EXERCISE PROMPT: Within the entries below, please retype exactly the lines starting with the line that has "鲁豫牵手,山河相依!济郑高铁" and going on through the line that has "PC Gaming HP", but not the pictures.
(Beginning of DATA FOR REVIEW)
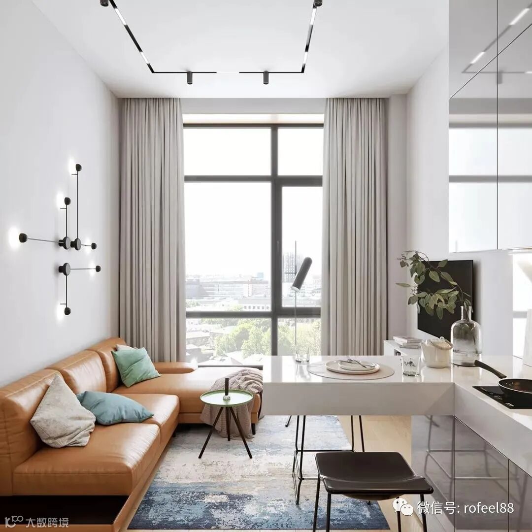 小居室的话,不妨将餐桌、吧台、厨房融合到一起,可以大大节省室内空间。
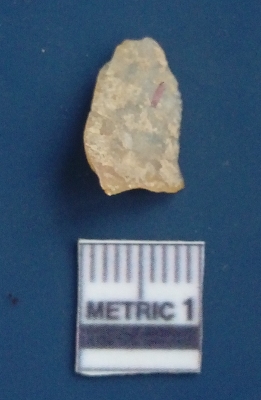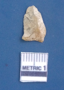| Description / विवरण | It is a blade flake. The sides are sharp and retouched. It is yellowish white in colour. The striking platform and the bulb of percussion is clearly visible. The flake scars are clearly seen on the dorsal surface while the ventral surface is plain. |
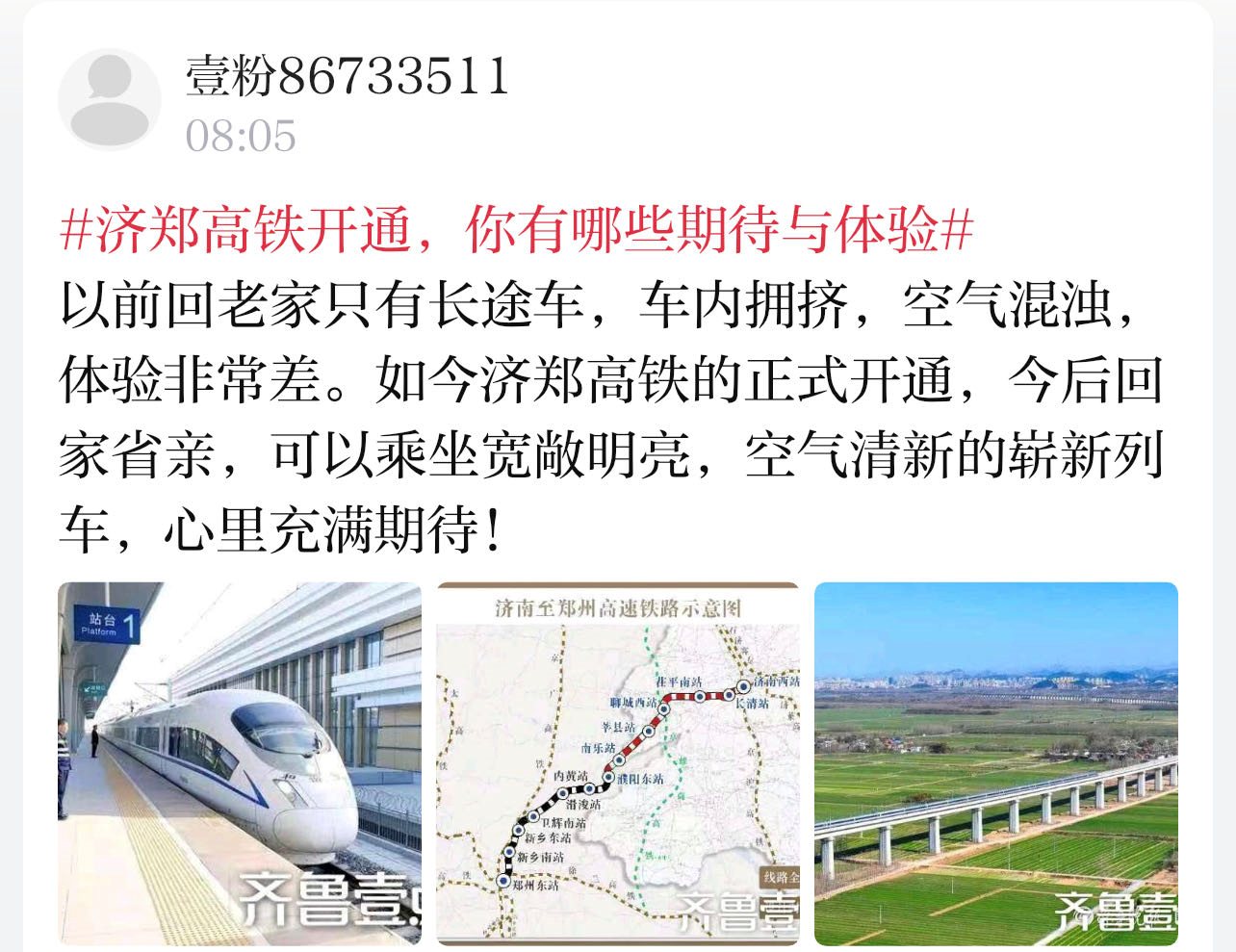 鲁豫牵手,山河相依!济郑高铁今日全线通车。12月8日,情报员纷纷向齐鲁晚报官方客户端齐鲁壹点情报站发来情报,分享济郑高铁通车带来的喜悦。
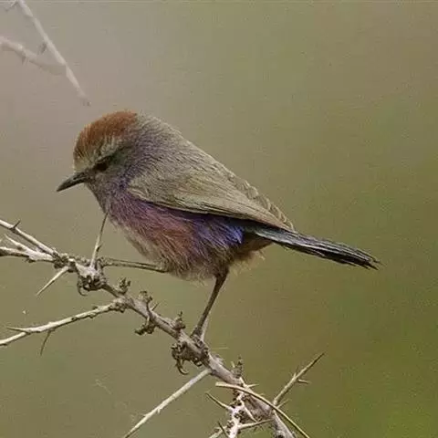 花彩雀莺:体长9-12厘米,是一种毛茸茸偏紫色的雀莺。顶冠棕色,眉纹白。尾长,羽毛松软。…
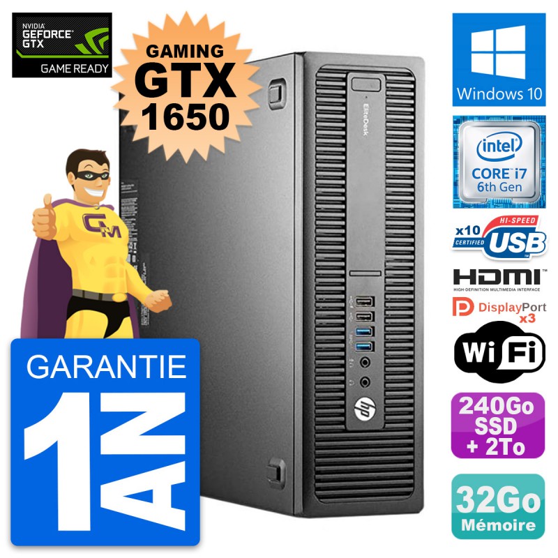 PC Gaming HP EliteDesk 800 G2 SFF - Intel Core i7-6700 3.4 Ghz - Nvidia GTX 1650 4Go - 32 Go DDR4 - SSD 240 Go + Disque dur 2To - Graveur DVD - Clef Wifi USB - Windows 10 - Garantie 1 an.
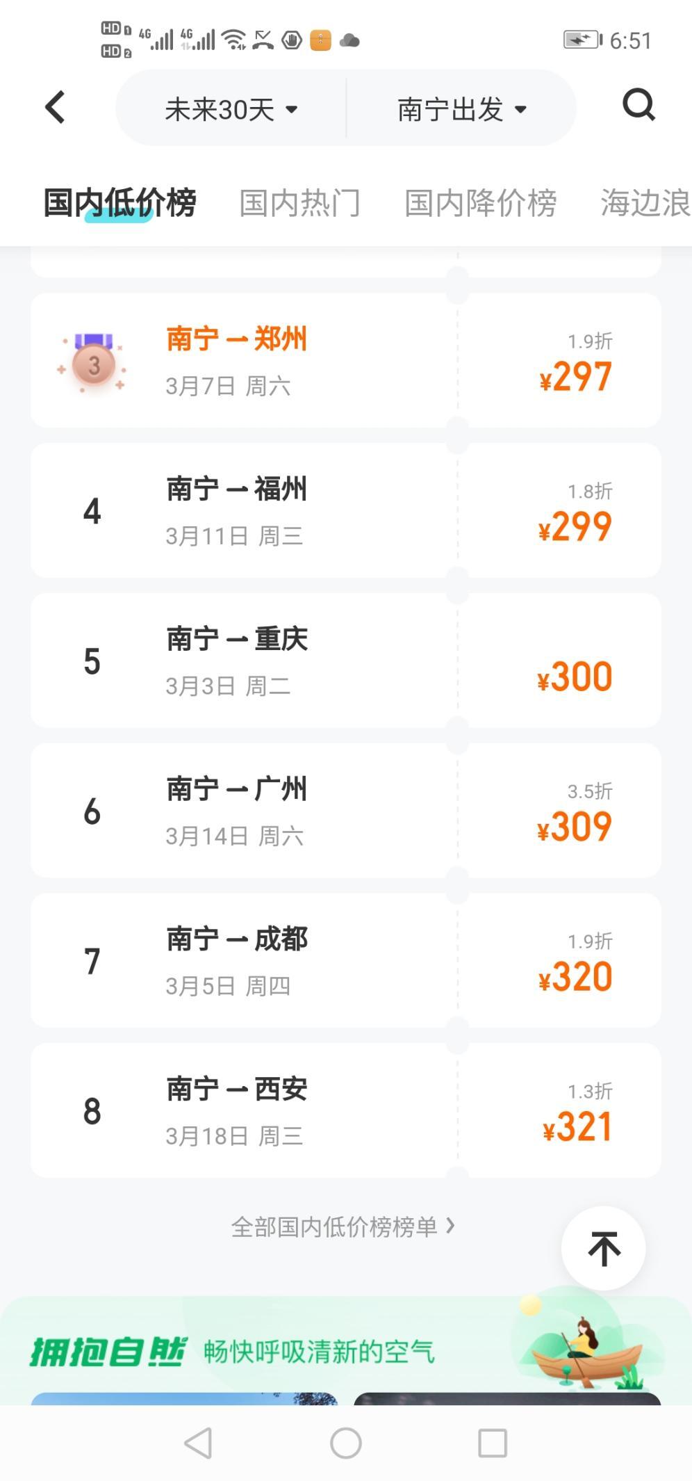 有人向外奔赴,也有人慕名而来。来自山东的黎女士被姐妹分享的南宁过年见闻打动,计划元宵期间专程来邕打卡。“听说南宁已花红柳绿,能在青山、绿树、花海中畅游,体验不一样的南国年味,想想就很惬意。”黎女士笑着说道。 年味不散,热度不减。春节叠加元宵的消费热潮,让南宁文旅市场后劲十足。南宁将新春氛围持续至元宵节。如“壮美广西·灯耀南宁”2026年青秀山新春灯会火热进行中,超70组大型灯组将东区化为梦幻国度,第一阶段持续到3月8日。2026年南宁城隍庙会将迎客至3月3日,贺马年新春市集每日开放,琳琅满目的年货好物与地道特色美食,为市民游客打造逛吃好去处。 节后机票“跳水”邂逅南宁春日浪漫 节后机票价格“跳水”,更是为错峰出游添了一把火。2月26日,记者查询各大票务平台发现,国内航线机票价格回落,热门航班折扣力度加大,高性价比出行时段到来。 去哪儿旅行平台数据显示,国内航线机票均价自2月23日触顶后持续下行,将于3月13日降至阶段低点。从当前至3月底的节后淡季,热门航线平均票价普遍回落10%至50%,如有南宁—福州、西安—桂林等多条“高性价比” 航线。
(End of DATA FOR REVIEW)
RESULT OF THE EXERCISE:
 鲁豫牵手,山河相依!济郑高铁今日全线通车。12月8日,情报员纷纷向齐鲁晚报官方客户端齐鲁壹点情报站发来情报,分享济郑高铁通车带来的喜悦。
 花彩雀莺:体长9-12厘米,是一种毛茸茸偏紫色的雀莺。顶冠棕色,眉纹白。尾长,羽毛松软。…
 PC Gaming HP EliteDesk 800 G2 SFF - Intel Core i7-6700 3.4 Ghz - Nvidia GTX 1650 4Go - 32 Go DDR4 - SSD 240 Go + Disque dur 2To - Graveur DVD - Clef Wifi USB - Windows 10 - Garantie 1 an.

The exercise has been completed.